Genetic tests use a sample of tissue from your tumor that your doctor removes during a biopsy. The tissue sample goes out to a lab for testing. A blood test can also detect the EGFR gene mutation.

It may take 1 to 2 weeks to get your results.

The treatment your doctor recommends is based on your genetic test results, as well as your type and stage of cancer.

A few targeted drugs treat NSCLC gene mutations. You may get these as a solo treatment. They’re also paired with chemotherapy, another targeted therapy, or other lung cancer treatments.

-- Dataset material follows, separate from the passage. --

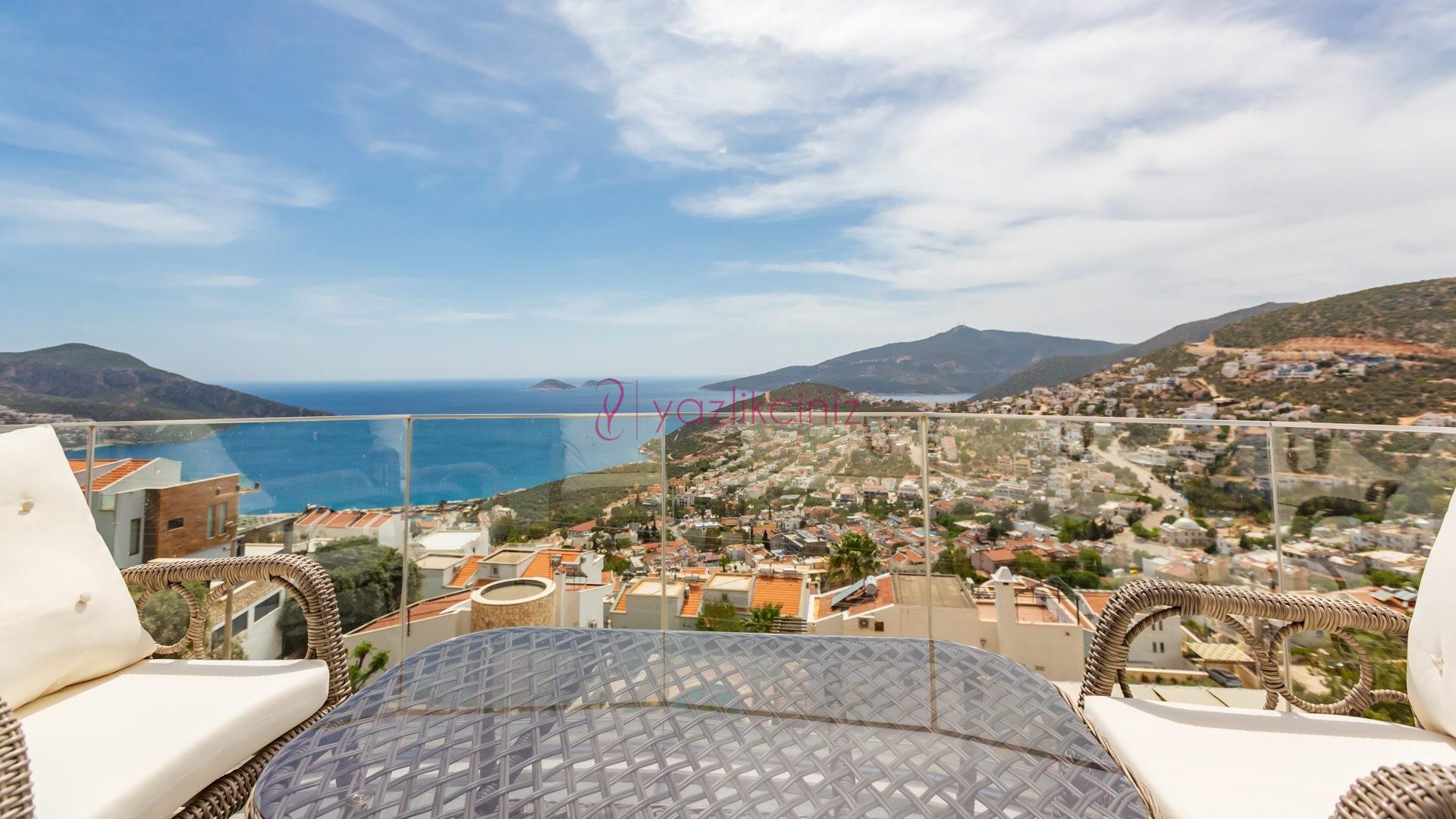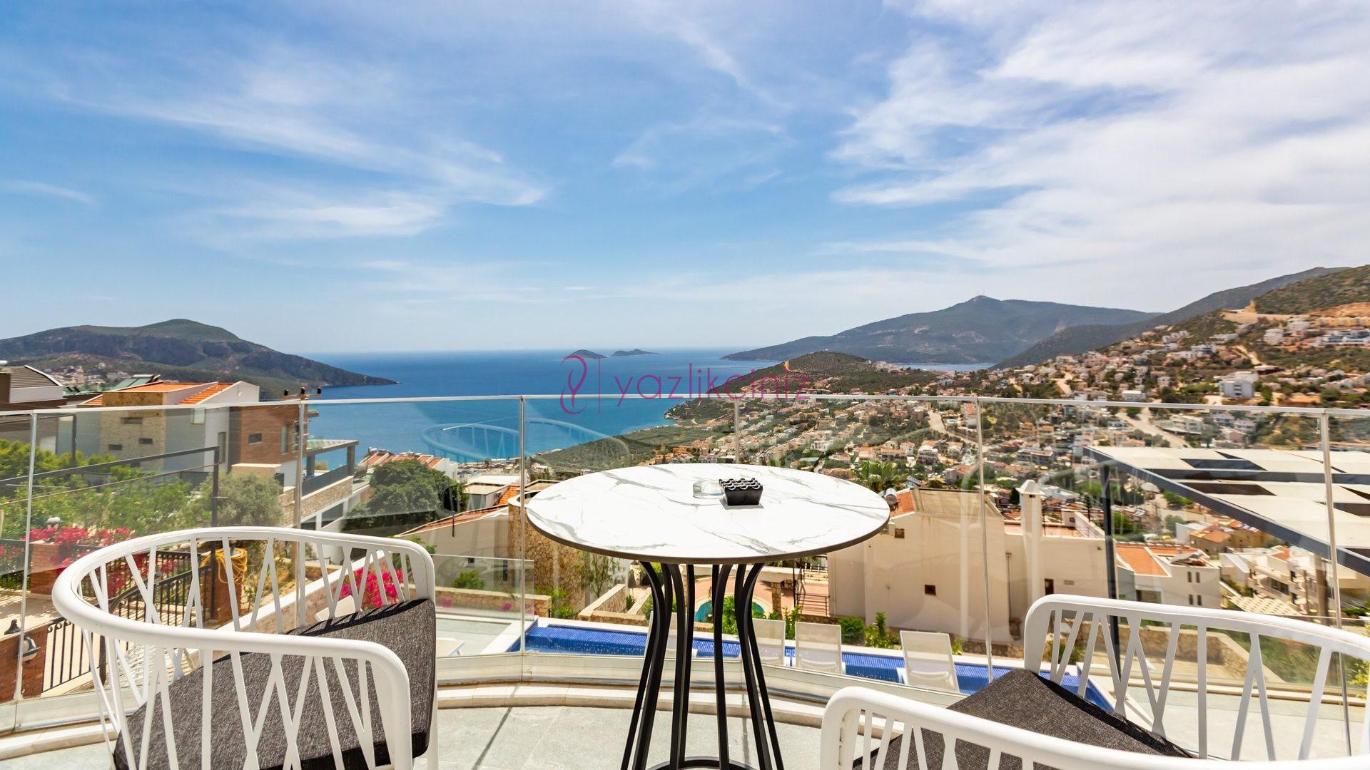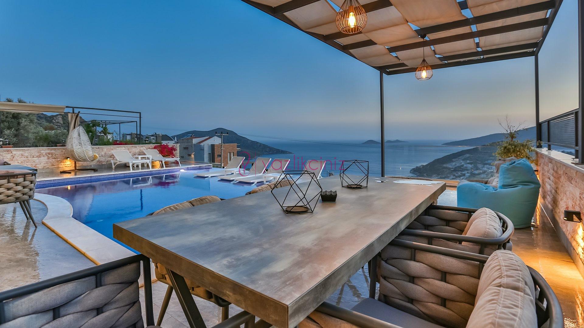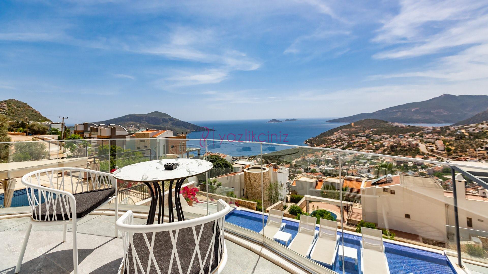 Villa Cira, Kalkan Kızıltaş mevkiinde harikulade deniz manzarası ile Kalkanı ayaklarınızın altına sermektedir.

EGFR inhibitors block signals from the EGFR protein, which helps cancers with this type of mutation grow. This group of drugs includes:

  • afatinib (Gilotrif)
  • dacomitinib (Vizimpro)
  • erlotinib (Tarceva)
  • gefitinib (Iressa)
  • Necitumumab (Portrazza)
  • osimertinib (Tagrisso)

Drugs that target ALK gene mutations include:

  • alectinib (Alecensa)
  • brigatinib (Alunbrig)
  • ceritinib (Zykadia)
  • crizotinib (Xalkori)
  • lorlatinib (Lorbrena)

Targeted therapies for ROS-1 positive lung cancers include:

  • ceritinib (Zykadia)
  • crizotinib (Xalkori)
  • entrectinib (Rozlytrek)
  • lorlatinib (Lorbrena)

Drugs that target BRAF mutations include:

  • dabrafenib (Tafinlar)
  • trametinib (Mekinist)

The drug capmatinib (Tabrecta) treats lung cancers with the METex14 mutation.

If no drug is currently available for your specific mutation, you may qualify for a clinical trial. These studies test new targeted therapies.

Getting into a trial could give you access to a new drug for your type of NSCLC before it’s available to everyone else.

NSCLC treatment used to be one-size-fits-all. Everyone received the same regimen, which often involved chemotherapy.

Today, a number of treatments target specific gene mutations. Your doctor should test your tumor when you’re diagnosed and let you know if you’re a good candidate for a targeted drug.

You may qualify for a clinical trial if no drug is currently available for your mutation.